In batch mode, the filter must also be included as an attribute so
that results can be mapped to input query values. This is set with
idAttribute
, which defaults to the filter type of the
filter.
The query to BioMart database can also be made defining the filters
using the constantFilters
parameter. This must be done
using the non-batch mode (batchSize
=1)
There can be more than one filter, except when
batchSize
>1, which is currently limited to one filter.
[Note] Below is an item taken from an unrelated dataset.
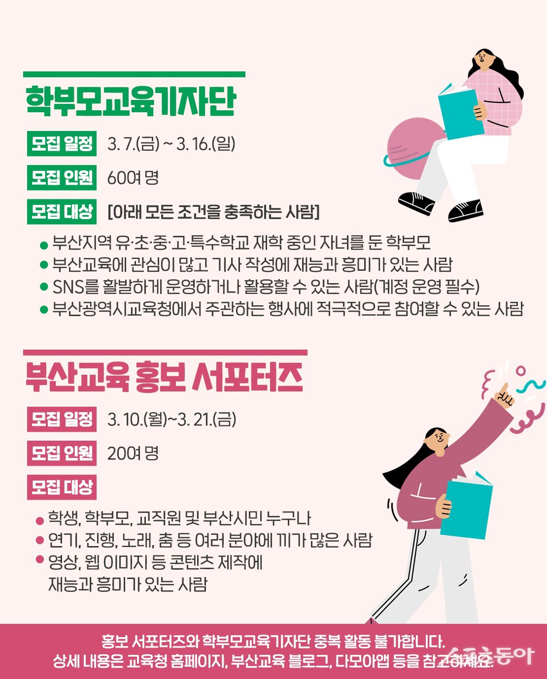 부산시교육청이 부산교육 현장소식을 생동감 있게 전달할 ‘학부모 교육기자단’ 60여명과 홍보 콘텐츠 제작에 참여할 ‘부산교육 홍보 서포터즈’ 20여명 등 총 80여명을 모집 중이라고 11일 밝혔다.
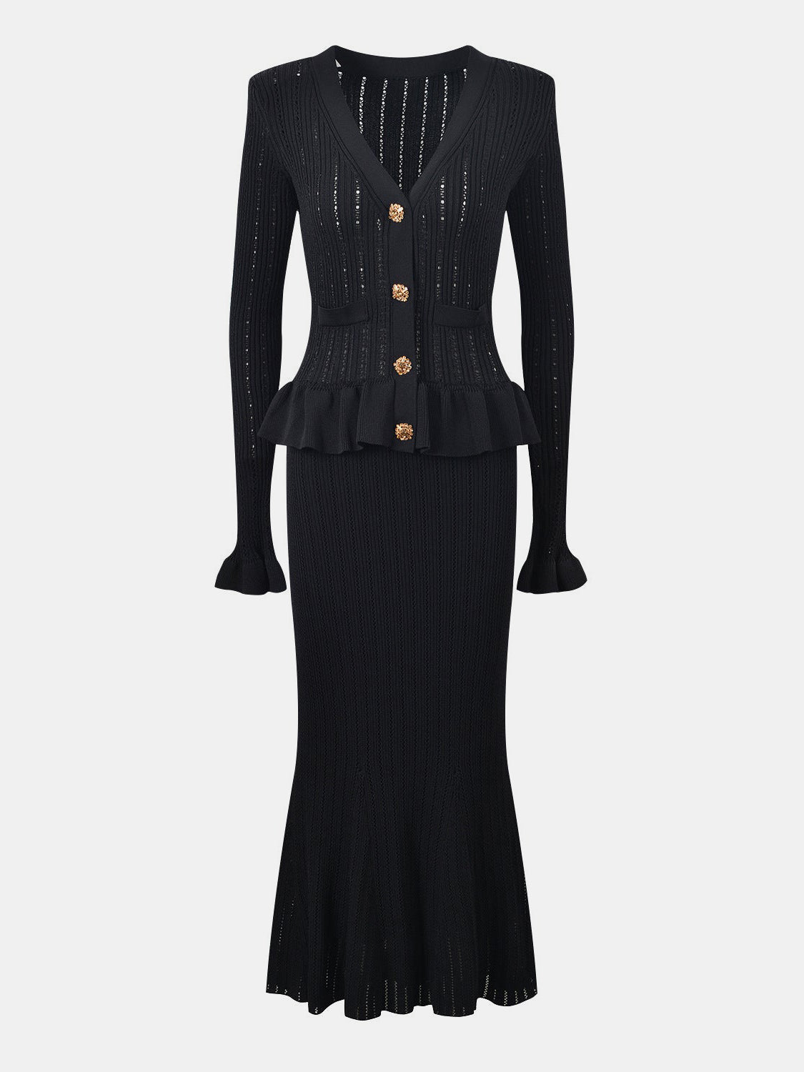 Ruffled V-Neck Top and Midi Skirt Sweater Set

If one filter value produces multiple attribute values for one attribute those values are collapsed into a comma separated list. NA and duplicate values are removed from the filter value list before querying the BioMart database.
Available databases, filters and attributes can be browsed through BioMart web site. You may select the mart database and use the query tool to select the settings of interest. The actual keywords can be seen in the XML output that can be generated based on the selections.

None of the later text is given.